Do You Bake the Pie Shell Before Making a Sugar Cream Pie?

Sugar cream pie is the official state pie of Indiana, hence its nickname Hoosier Pie. The basic recurring ingredients are heavy cream, butter, white or brown sugar, vanilla and flour. Sugar cream pie recipes don't mention baking the pie shell beforehand, but because of the pie's wet ingredients, pre-baking -- or blind baking -- the pie shell is advised.

The Mysterious Origins of Sugar Cream Pie

  • Sugar Cream Pie's history is rather a mystery, shrouded in conjecture and full of red herrings. Most historical sources are anecdotal, mere blurbs accompanying sugar cream pie recipes in farm cookbooks. Once attributed to the Amish, some Indiana food historians now believe the Shakers invented sugar cream pie when they settled in Eastern Indiana in the early 1800s. Others claim Quaker settlers brought it with them from North Carolina. What's agreed is that the core ingredients, cream and sugar, have not changed in hundreds of years.

Assembling A Sugar Cream Pie

  • Traditionally, you assemble a sugar cream pie by mixing wet and dry ingredients in a separate bowl, pouring them into a pie shell, and re-mixing the ingredients with your fingers halfway through the baking time. This prevents the separation of cream from the other ingredients; using your finger, as opposed to a spoon or fork, ensures you don't tear the still-cooking crust. Some contemporary recipes call for dotting the unfilled pie crust with butter just before adding the filling. Baking times and temperatures depend on the amount of wet ingredients used, but they range from 35 minutes to 1 hour, and 350 to 375 degrees Fahrenheit, or just until the pie's center is set but still jiggly.

The Evolution of Sugar Cream Pie

  • Sometimes called desperation pie, finger pie or Amish milk pie, sugar cream pie came to the attention of Hoosiers during the Depression. It was an easy pie to assemble, with only six ingredients. Struggling families, mostly farmers, often had staples like cream and sugar on hand. Spices, such as cinnamon and nutmeg, do not appear in traditional recipes, but lovers of sugar cream pie have since incorporated them into recipes. Some contemporary recipes entail prep that is more along the lines of making a basic custard, calling for milk, not cream, and adding cornstarch to augment the binding properties of the flour. They also direct the cook to boil the milk, sugar, flour, and cornstarch before using this heated roux to temper egg yolks.

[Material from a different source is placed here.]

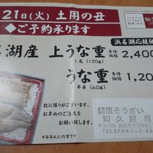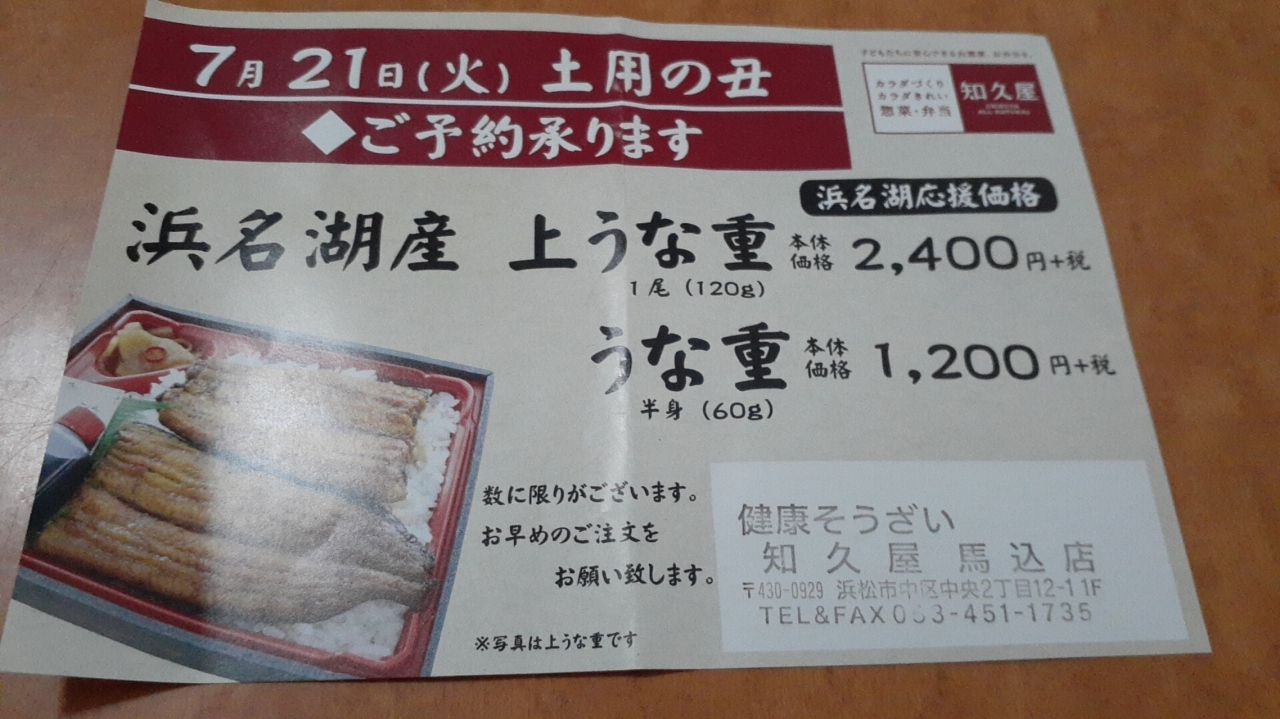 また2020年7月21日の土用の丑にちなみ、浜名湖産うなぎのうな重の予約を受け付けているそうで、1尾まるまる使用した上うな重で税抜2,400円、半身を使用したものではなんと!1,200円と結構お値打ちかと思います。

How to Blind Bake a Pie Shell for Sugar Cream Pie

  • To blind bake the sugar cream pie shell, preheat your oven to 400 F and line the shell with heavy-duty foil. Gently press the foil into the dough's fluted edges. Fill the foil-lined pie shell with uncooked rice, dried beans, pennies or small marbles. Bake the crust for about 15 minutes or until dry. Pull up a corner of the foil to check if the pie crust is dry; if the foil sticks to the crust in places, then return the pie crust to the oven. Check it again every 2 minutes. Carefully remove the foil and the objects you used as weights. Bake the crust an additional 5 to 10 minutes for partially or fully baked crusts.